Har Jehuda Cemetery in Upper Darby. (Photo by Dinah Bucholz)
By Dinah Bucholz
When revenue from burials at Har Jehuda Cemetery declined, nature took over. Weeds, vines and trees covered headstones and choked the aisles between graves, making the paths impassable. Online reviews from 2019 to 2022 posted unflattering photos and comments like “I would not put my dog in this place” and “one of the most disgraceful cemeteries I have ever encountered” to describe the historic cemetery in Upper Darby.
Equally concerned, Marvin Abrams, a retired business owner and regular visitor, said that the grass was so tall he had trouble reaching the graves of his relatives. The octogenarian visits the local cemeteries to look after the dignity of those who’ve passed on, in a tradition he inherited from his parents.
“The cemetery was never in the condition that we found it in now,” he said.
But, in fact, the burial grounds were in worse shape during the pandemic. The cemetery had already begun to suffer from neglect a few years prior, according to general manager Larry Moskowitz, great-grandson of Julius Moskowitz, the Russian-Jewish immigrant who founded the cemetery in 1896. By 2024, despite several years’ worth of cleanups organized by a committee of volunteers called Friends of Har Jehuda, the overgrowth had reached its peak. At that point, an anonymous donor, distressed over the state of disrepair, provided funds for six months’ worth of landscaping.
This was welcome news to Shira Alberts, a nurse practitioner and driving force behind Friends of Har Jehuda. She had previously reached out to Rabbi Nathan Martin of Congregation Beth Israel in Media, which owns a community section in the cemetery, and he, in turn, contacted local synagogues to help raise funds. Alberts said that Beth Israel has provided indispensable administrative support, including hosting the Friends of Har Jehuda web page.
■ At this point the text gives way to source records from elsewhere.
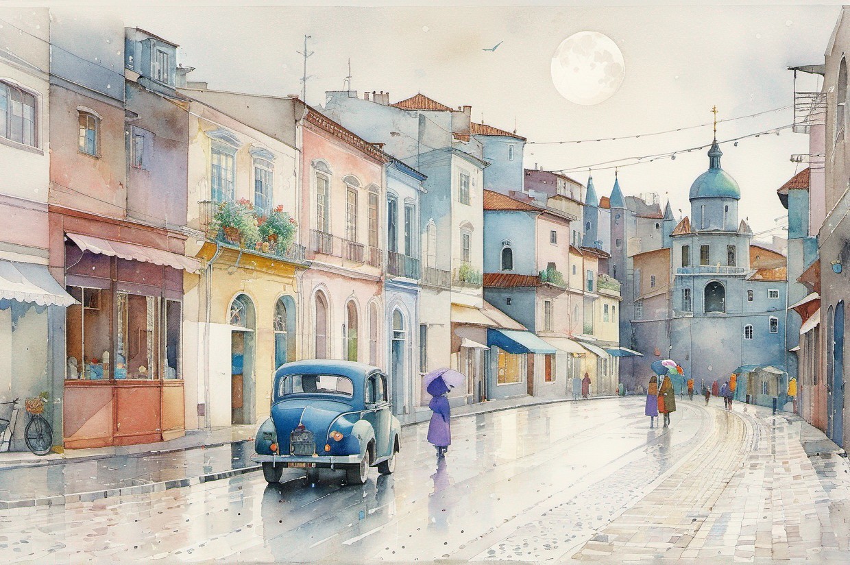 A colorful, whimsical street with vintage architecture, an old car, and people with umbrellas on a sunny, rainy day.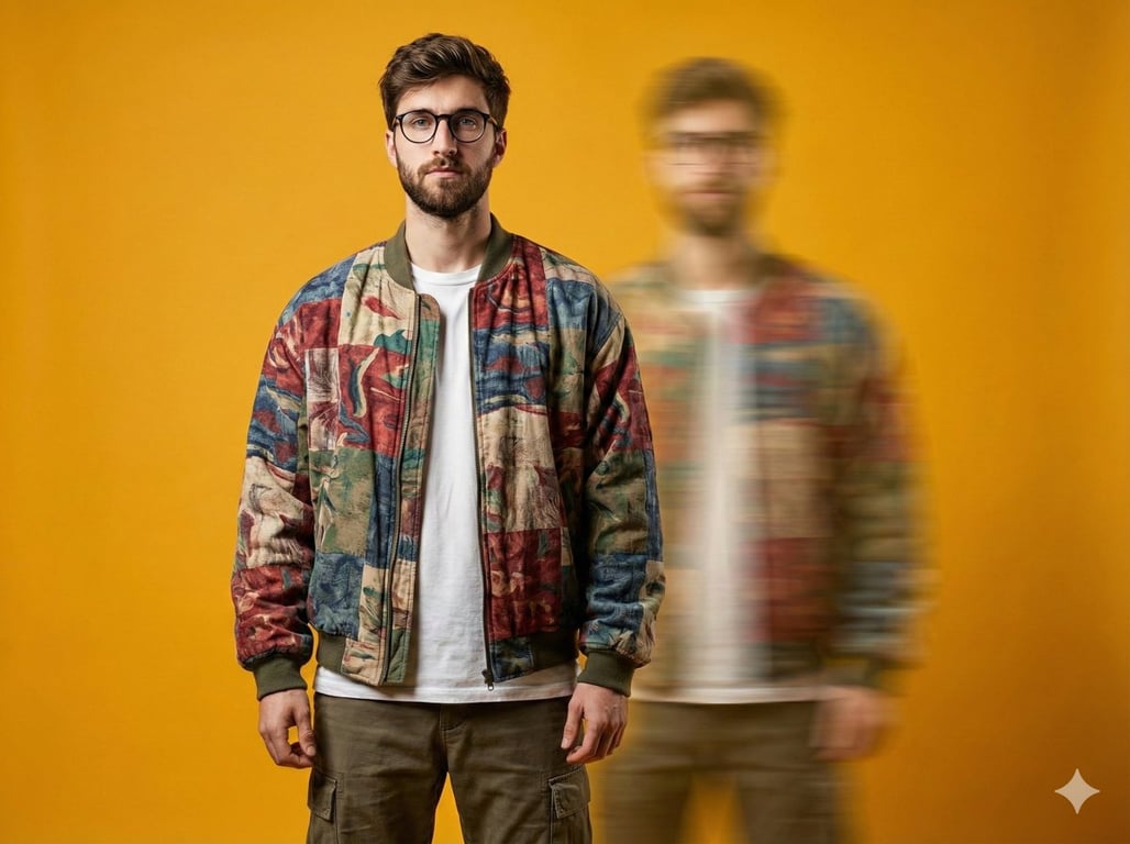 A prompt for an ultra-realistic, 8K cinematic studio portrait featuring a figure in an eclectic bomber jacket against an ochre-yellow background, with the unique artistic element of a translucent, motion-blurred ghost duplicate conveying temporal distortion.
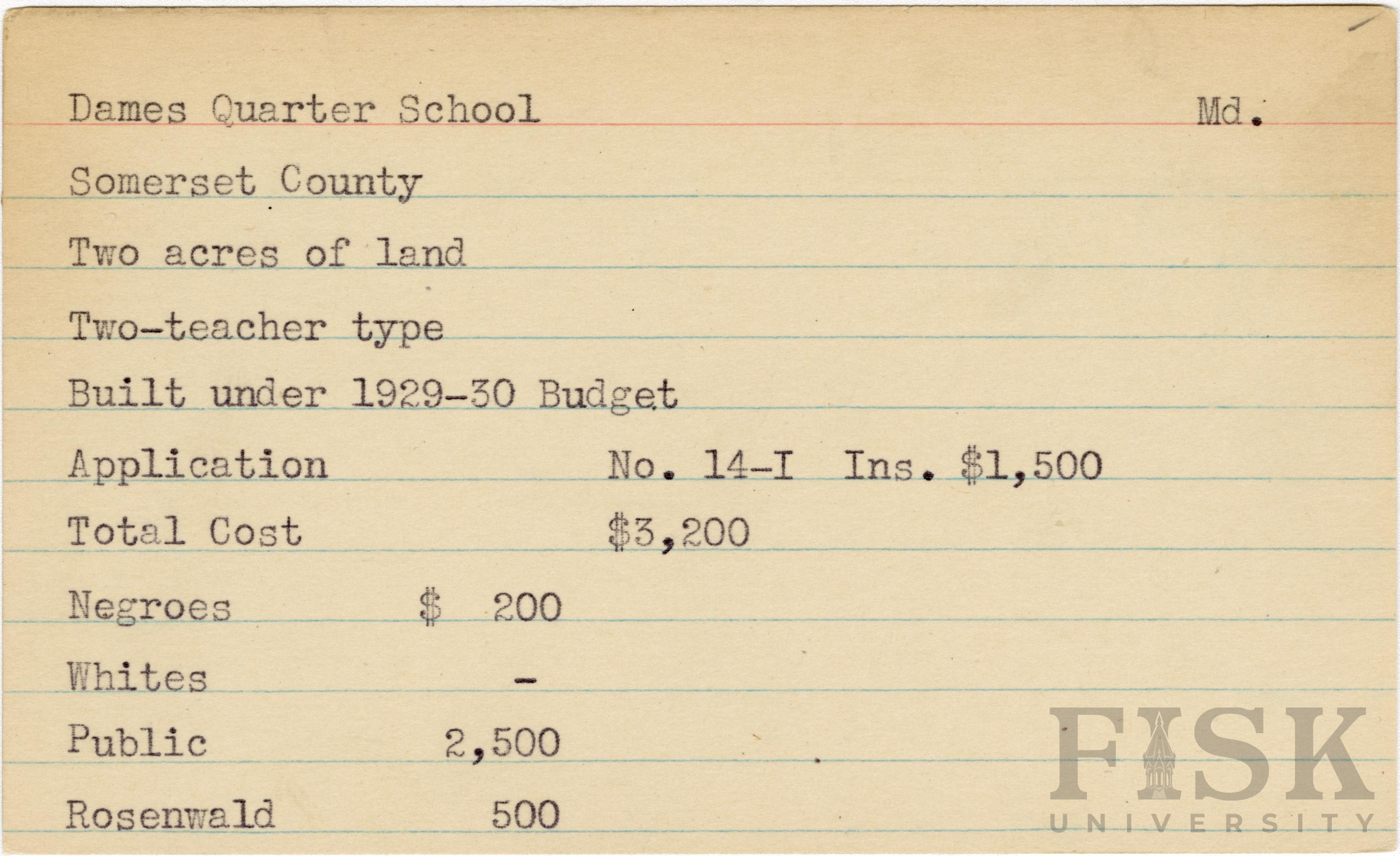 - School card from Rosenwald Fund for Dames Quarter School in Somerset County, Maryland with a section added to the budget contributions that says, "Ins. $1,500"

So when the anonymous donation appeared, it was Alberts who hired Carlos Landscaping to give the cemetery a makeover. The owner, Carlos Lemus, said that eight to 10 people worked for about 10 days to clear out the heavy vegetation, using chainsaws and weed whackers. The funds allowed the landscaper to mow the 27-acre cemetery every other week, but now that the funds have run out, Friends of Har Jehuda scramble each month to raise enough money to maintain the cemetery. With the cost of each cut at $3,500, keeping the growth in check this way remains challenging, Martin said.
Nevertheless, Alberts said that Lemus comes through when funds are low.
“I try to work with them,” Lemus said, because of the satisfaction he takes in seeing the dramatic improvement.
Har Yehuda Cemetery. (Photos by Dinah Bucholz)
In the meantime, Friends of Har Jehuda supplement the mowing with four cleanups a year. Linda Cohen, a retired psychologist and member of Beth Israel, got involved when she couldn’t read the inscription on her husband’s gravestone because it had been obscured by the tall grass. At the time, the congregation organized a cleanup in preparation for a funeral, and Cohen has been attending cleanups regularly since then.
Another volunteer is Eileen S. Sklaroff, president emerita of the Female Hebrew Benevolent Society, founded in 1819 to help indigent Jewish women. She also runs the Dignified Burial Fund, work that connects her to various local cemeteries. She said that when she saw the cemetery before the major overhaul, it was “a shonda.” She has been working to “create a model of nonprofit … that would be able to raise money and take over the care and maintenance of several cemeteries,” Martin said.
That’s because the struggle to raise funds every month to squeak by is unsustainable, Alberts said. When asked what she would do if money were no object, she said, “Let’s set up an endowment so we can maintain it. Let’s invest in the infrastructure so that it’s more robust. And let’s create partnerships and curriculum so that students…so that this would be a living cemetery.”
Thanks to an unusually rainy season, the grass and weeds grow extremely fast, and this may have caused the tall grass Abrams saw in his mid-June visit shortly before a cut. More frequent landscape work is needed, and despite dramatic improvements to the appearance of Har Jehuda and access to grave sites, much work remains to be done.
Paths need to be swept regularly; gravestones need to be restored; roads need to be repaved; the weedy turf needs to be resodded; fences need mending; the office building needs to be renovated. But with the reduction of four office staff to three and six full-time groundskeepers to zero, such comprehensive work remains well out of reach.
Still, volunteers used the same words to evoke the difference they saw before and after the 2024 makeover. Martin and Cohen said it was like “night and day,” and nearly all used the word “jungle” to describe what once was. Moskowitz, for one, is thankful.
“I just … want to express how grateful I am for the people who have an attachment to Har Jehuda that are getting involved,” he said.
Dinah Bucholz is a freelance writer.